Arabaların içinden etrafı merakla izleyenler daha sonra içlerinde bulundukları durumun riskini önlerindeki arabaların giderek suyun içine batmakta olduğunu fark edince algılamaya başlıyorlardı. Yollarda giderek yükselen su bir müddet sonra etraftan taşıdığı ilginç cisimlerle dikkat çekmeye başladı. Neler yoktu ki yüzen nesnelerin içinde. Kaldırım taşları, beton parçaları, çöp dolu naylonlar,zavallı kedi leşleri yanlarından akıp gidiyordu. Ama koskoca bir çöp konteynerini otoyolun ortasında sürüklendiğini görenler gözlerine inanamadı. Nereden gelmiş olabileceği hakkında fikir yürütmek bile zordu.
Görevlileri arayan gözler ,onları gördükleri zaman da içlerinde bir rahatlama hissi duymak yerine daha da dehşete düşüyorlardı. Çünkü görevliler ellerinde kazmalarla, yapılması üzerinden çok ta zaman geçmemiş olan yol kenarlarındaki kaldırımları veya yol ortasındaki yeşil alanları kazarak suyu boşaltmak için boşa çaba sarf ediyorlardı.
Yol kenarında vasıta bekleyenlerin hali ise insanın içine dokunuyordu. Çaresizlik tam anlamıyla o insanların yüzlerindeydi. Çoğu çevre yollarının yapılmasıyla birlikte sanki topraktan aniden yeşeren otlar gibi etrafı saran varoşlardan geliyorlardı. Binbir zorluklarla buldukları işlerine gitmek için her gün kimbilir kaç saatlerini yollarda geçiriyorlardı. Durağa ulaşmak , otobüse binebilmek, otobüste ayakta durabilecek yer bulabilmek her gün aşılması gereken engellerdi zaten. Ama o gün bambaşkaydı.
İşte önce araba bekleyen böyle bir gurubun içindeydi kadın. Sular altında şemsiyesiz ,ıslanmadık hiçbir yeri kalmamış bekliyordu. Üstündeki herhangi bir semt pazarından alındığı belli olan etek ve bluz vücuduna tamamen yapışmış durumda, ayakkabıların içinden sular akıyor, başörtüsü yana kaykılmış sanki saatlerdir yağmur altındaki bir heykel.

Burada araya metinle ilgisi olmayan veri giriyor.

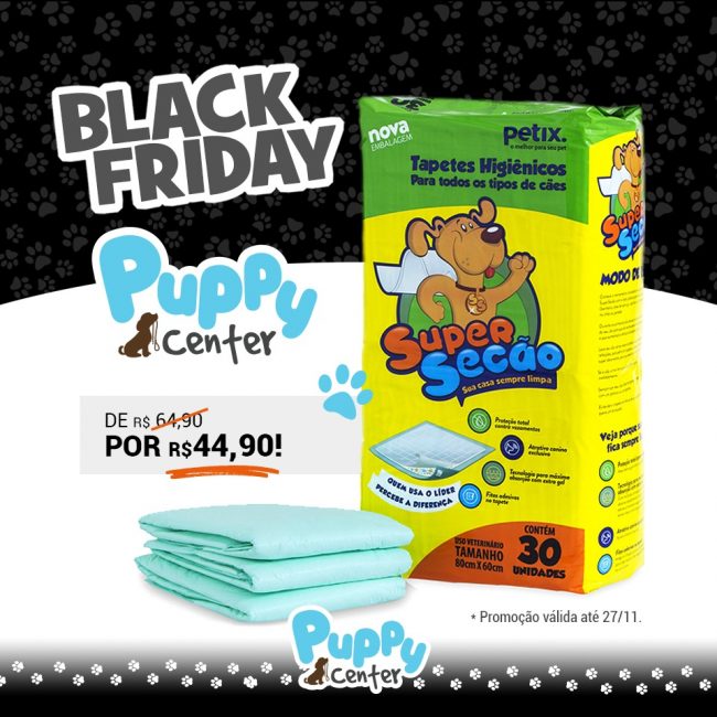 Corra pra aproveitar as super ofertas da Black Friday aqui na Puppy Center! Adquira o Tapete SuperSecão de 30 unidades por apenas R$ 44,90! Além disso, você terá descontos de até 50% em diversos produtos para o seu Pet e até 30% em Vacinas na Clínica Veterinária. Vale a pena conferir. Aguardamos sua visita! ……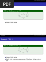 Example-10: Some examples on closure *: ( a b* ) All words of the form one a followed by some numbers of bs (may be no bs at all) { a ab abb abbb ..} (ab)* or ab or abab or ababab . (ab*a) { aa aba abba abbbba } a* b* { a b aa ab bb aaa aab ..} If = {x}; L ={x, xx, xxx, xxxx, ..}; means L = {xn | n = 1, 2, 3, ..}. * = {, x, xx, xxx, .}; means L = {xn | n = 0, 1, 2, 3, ..}. Alteration: The notation | denotes either or alteration. (also represented by + for choice) Example-11: M|N is interpreted as M or N. (also represented as (M + N). ab | cde is interpreted as (ab) | (cde); may be represented as: ab or cde a | bc* is interpreted as (a) |(b (c)* ) (a | b)(a | b) denotes { aa ab ba bb} or aa | ab | ba | bb; i.e. set of all strings of as and bs of length(2). (a | b)* denotes the set of all strings containing zero or more instances of an a or b. ab*(c | de)* denotes a single a followed by zero or more bs followed by zero or more of either c or de, i.e. a ab ac abb abc acc ade abbb abbc abcc abde accc Example-12: Some more solved examples: The language L in which the first letter of each word is either a or b is given as: L=language(a + b) The language of all words that have at least two as can be written as: b*ab*a(a+b)*. The set of all possible strings of letters from the alphabet = {a b} including the null string is represented as: (a+b)*. The language contains all the strings of as and bs in which all the as (if any) come before all the bs is language(a* b*) = { a b aa ab bb aaa abb } 6 of 10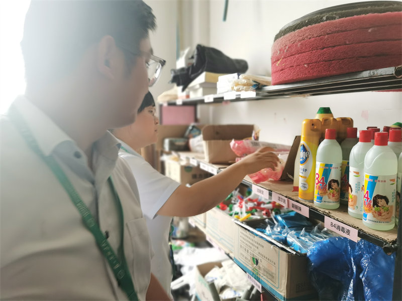 9月29日,检查组先后检查了常州轻工职业技术学院、常州机电职业技术学院、常州大学武进校区、江苏理工学院等项目。检查组首先检查了项目《防火巡查记录》、《培训记录》、《员工血压测量记录》等台账,随后查看了项目仓库尤其是保洁药水的存放、防疫物资的储备和项目在用设备的安全管理。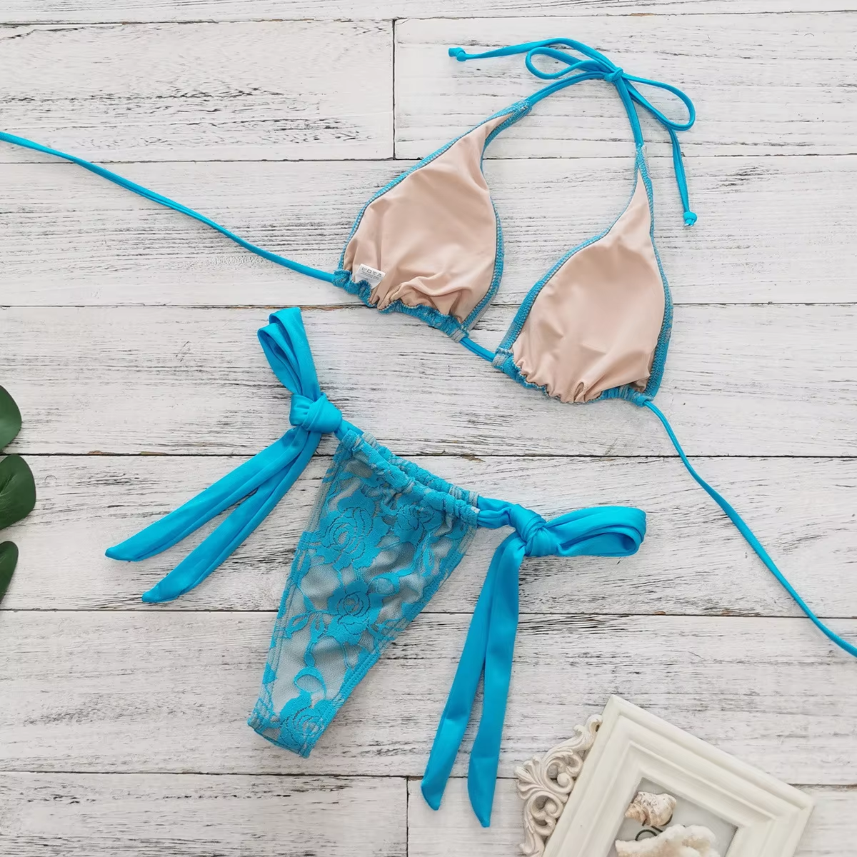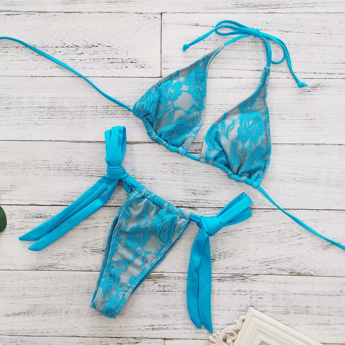Lace Patchwork Bikinis Micro Thong Swimwear with Long Sleeve Cover Up Side Bandage Beach Bathing Suit Halter String Swimsuits

Kısa bir süre sonra hareketlendi ve yolun kenarında yürümeye başladı. Amaçsız bir yürüyüş. Sanki etrafta olup biteni görmeden hayatına, çaresizliğine ağıt yakarak. Gözyaşları ,tüm şiddeti ile yağıp onu sular içinde bırakan yağmurla yarışıyordu.Bir müddet sonra yakarışları sesli hale de dönüştü. Sanki yıllardır içinde biriken isyanı yağmurla birlikte ortaya çıkmiştı. Belki de küçükken ona hiçbir hayat hakkı tanımayan babasına, yıllardır sarhoş olup onu döven, herşeye rağmen çalışıp para getirmek zorunda olduğu kocasına karşı haykırıyordu. Hissedilen bunca yıldır kaderim diye katlandığı bu hayatın bir anda dayanılmaz olmasıydı. Sanki şu çılgınca akıp giden suya karışsa ve yok olsa yıllardır çektiği acılar bitecek ve huzura kavuşacaktı.